**Exercise directions**
Give back exactly the line containing "圖3:工藝參數(shù)計(jì)算表 3.澆排系統(tǒng)分析 3.1" and all that follow it in the data below, with the pictures left out.

**Data for analysis**
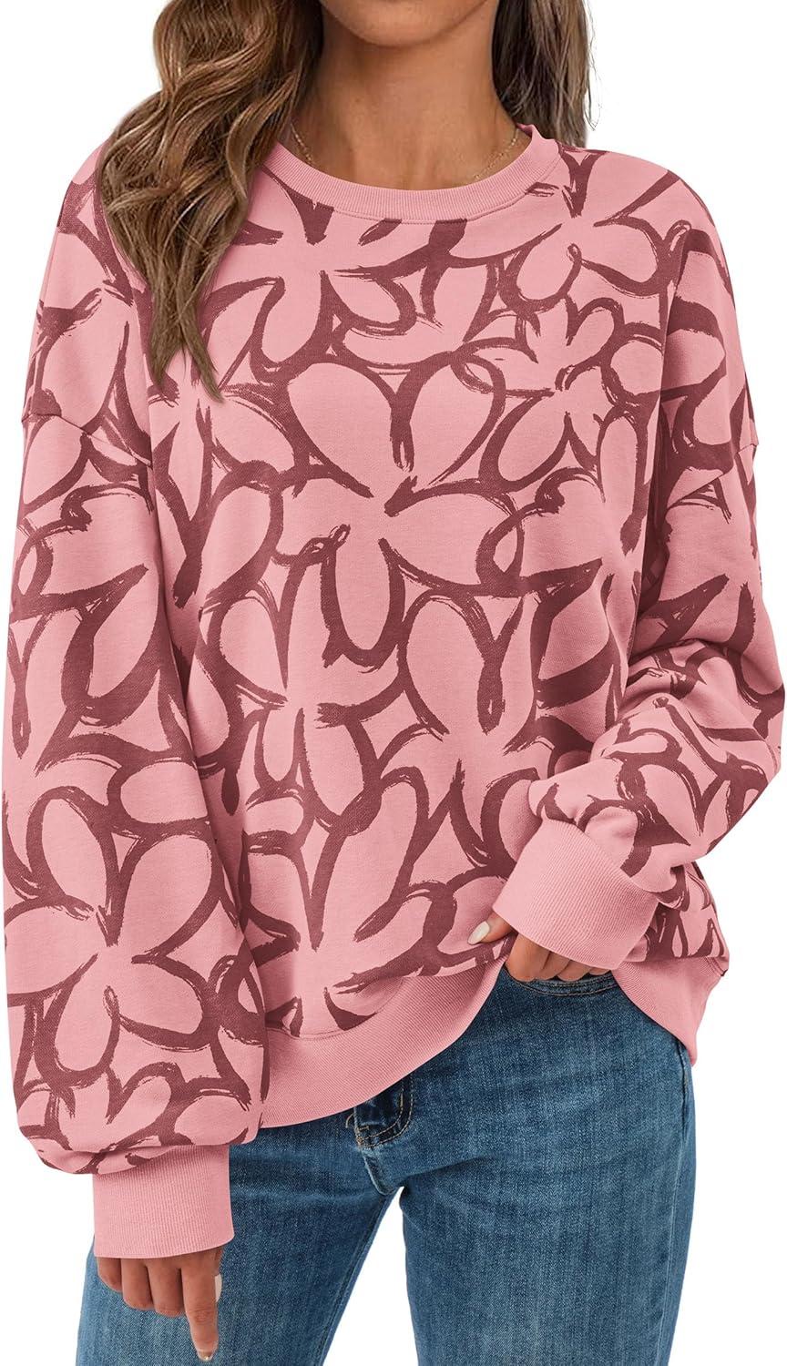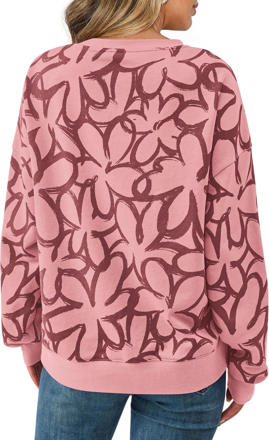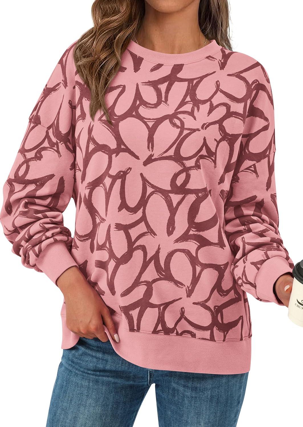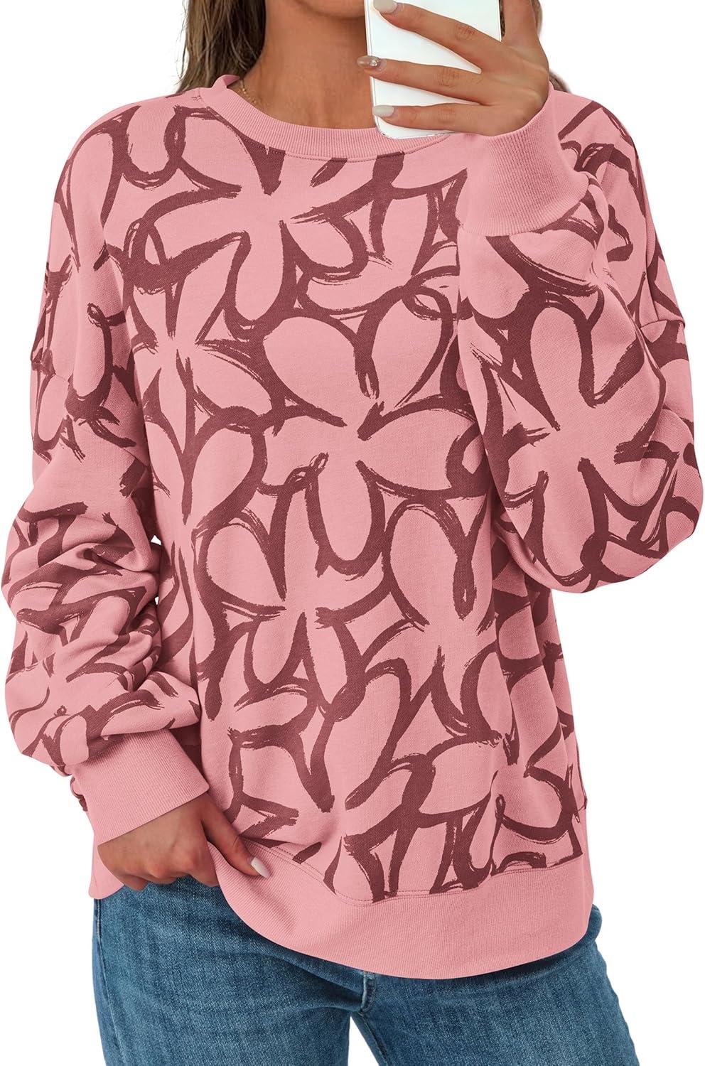 PRETTYGARDEN Graphic Sweatshirts for Women Crewneck Floral Print Long Sleeve Pullover Y2K Tops 2025 Fall Casual Cute Clothes(Pink Floral)
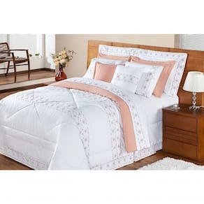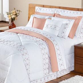 Kit Edredom Damasco Queen 11 Peças 100% Poliéster 200 Fios - Branco/salmao
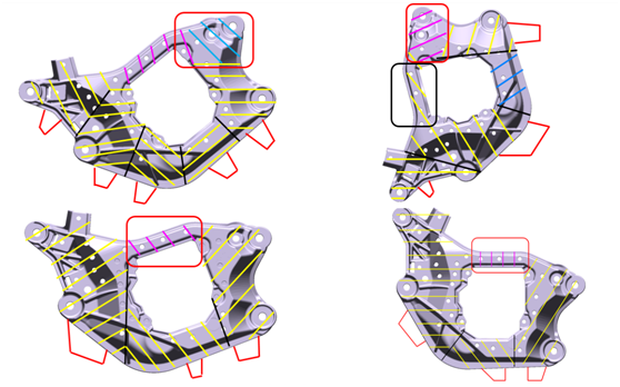 圖3:工藝參數(shù)計(jì)算表 3.澆排系統(tǒng)分析 3.1 澆注系統(tǒng)選擇 根據(jù)軟件計(jì)算出來的內(nèi)澆口截面積,再結(jié)合產(chǎn)品結(jié)構(gòu),將所有的進(jìn)澆可能性方案全部導(dǎo)入軟件。圖4為不同位置進(jìn)澆分析,其中黃色線為各自的填充區(qū)域,由黑線間隔,粉色線和藍(lán)色線為融合金屬液填充區(qū)域。其中對(duì)4個(gè)方案進(jìn)行分析和判斷如下:方案1共五個(gè)澆口,澆口分布均勻,進(jìn)澆平衡,可實(shí)現(xiàn)整體進(jìn)澆。壓力也相對(duì)傳遞均勻,保證致密度。需注意最末端填充區(qū)域,有冷料堆積充填與排氣不良風(fēng)險(xiǎn)。方案2共三個(gè)澆口,產(chǎn)品大體積區(qū)域?qū)?yīng)大澆口,保證充填質(zhì)量與壓力傳遞。但厚大澆口容易造成局部溫度過高,引起變形及對(duì)模具形成不良影響。同時(shí)此擺放位會(huì)拉長充填行程。方案3共三個(gè)澆口,產(chǎn)品大體積區(qū)域?qū)?yīng)大澆口,保證充填質(zhì)量與壓力傳遞。但厚大澆口容易造成局部溫度過高,引起變形及對(duì)模具形成不良影響 。方案4共三個(gè)澆口,產(chǎn)品大體積區(qū)域?qū)?yīng)大澆口,保證充填質(zhì)量與壓力傳遞。但厚大澆口容易造成局部溫度過高,引起變形及對(duì)模具形成不良影響。
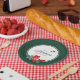 Genießen Sie köstliche Speisen in unseren Tellern zum Grünbuch und zum roten Granatapfelpapier aus der Blume Pomegranat mit einer botanischen Aquarelldarstellung von frisch gepflückten Granatapfelaten und Blume aus dem Obstgarten! Ideal für Ihr Party im Garten, Park, für Ihre Picknick und das ganze Jahr über!
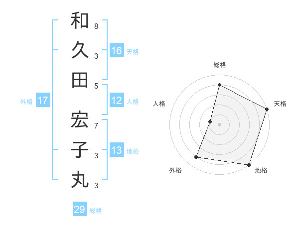 和久田 宏子丸さんの総格は29画の4点!
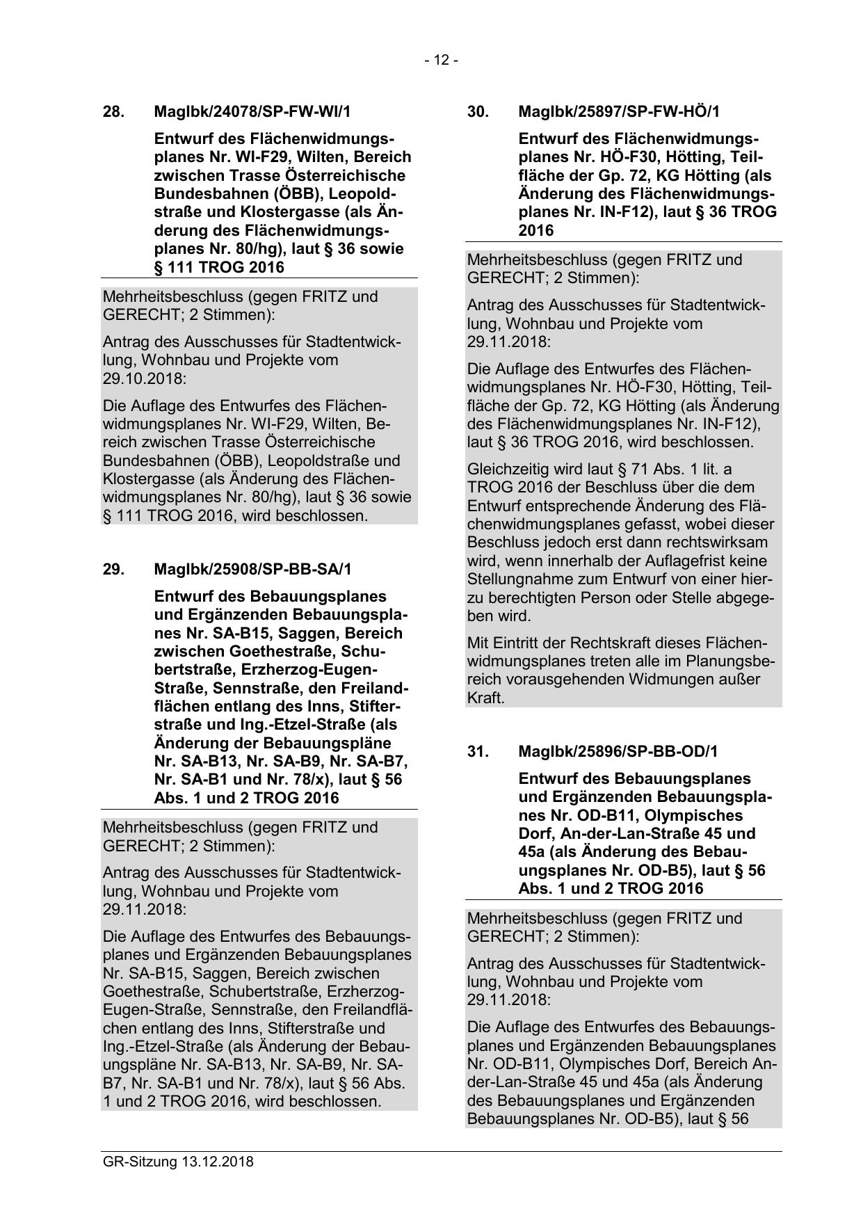 Änderung des Flächenwidmungsplanes Nr. IN-F12), laut § 36 TROG

**Exercise solution**
 圖3:工藝參數(shù)計(jì)算表 3.澆排系統(tǒng)分析 3.1 澆注系統(tǒng)選擇 根據(jù)軟件計(jì)算出來的內(nèi)澆口截面積,再結(jié)合產(chǎn)品結(jié)構(gòu),將所有的進(jìn)澆可能性方案全部導(dǎo)入軟件。圖4為不同位置進(jìn)澆分析,其中黃色線為各自的填充區(qū)域,由黑線間隔,粉色線和藍(lán)色線為融合金屬液填充區(qū)域。其中對(duì)4個(gè)方案進(jìn)行分析和判斷如下:方案1共五個(gè)澆口,澆口分布均勻,進(jìn)澆平衡,可實(shí)現(xiàn)整體進(jìn)澆。壓力也相對(duì)傳遞均勻,保證致密度。需注意最末端填充區(qū)域,有冷料堆積充填與排氣不良風(fēng)險(xiǎn)。方案2共三個(gè)澆口,產(chǎn)品大體積區(qū)域?qū)?yīng)大澆口,保證充填質(zhì)量與壓力傳遞。但厚大澆口容易造成局部溫度過高,引起變形及對(duì)模具形成不良影響。同時(shí)此擺放位會(huì)拉長充填行程。方案3共三個(gè)澆口,產(chǎn)品大體積區(qū)域?qū)?yīng)大澆口,保證充填質(zhì)量與壓力傳遞。但厚大澆口容易造成局部溫度過高,引起變形及對(duì)模具形成不良影響 。方案4共三個(gè)澆口,產(chǎn)品大體積區(qū)域?qū)?yīng)大澆口,保證充填質(zhì)量與壓力傳遞。但厚大澆口容易造成局部溫度過高,引起變形及對(duì)模具形成不良影響。
 Genießen Sie köstliche Speisen in unseren Tellern zum Grünbuch und zum roten Granatapfelpapier aus der Blume Pomegranat mit einer botanischen Aquarelldarstellung von frisch gepflückten Granatapfelaten und Blume aus dem Obstgarten! Ideal für Ihr Party im Garten, Park, für Ihre Picknick und das ganze Jahr über!
 和久田 宏子丸さんの総格は29画の4点!
 Änderung des Flächenwidmungsplanes Nr. IN-F12), laut § 36 TROG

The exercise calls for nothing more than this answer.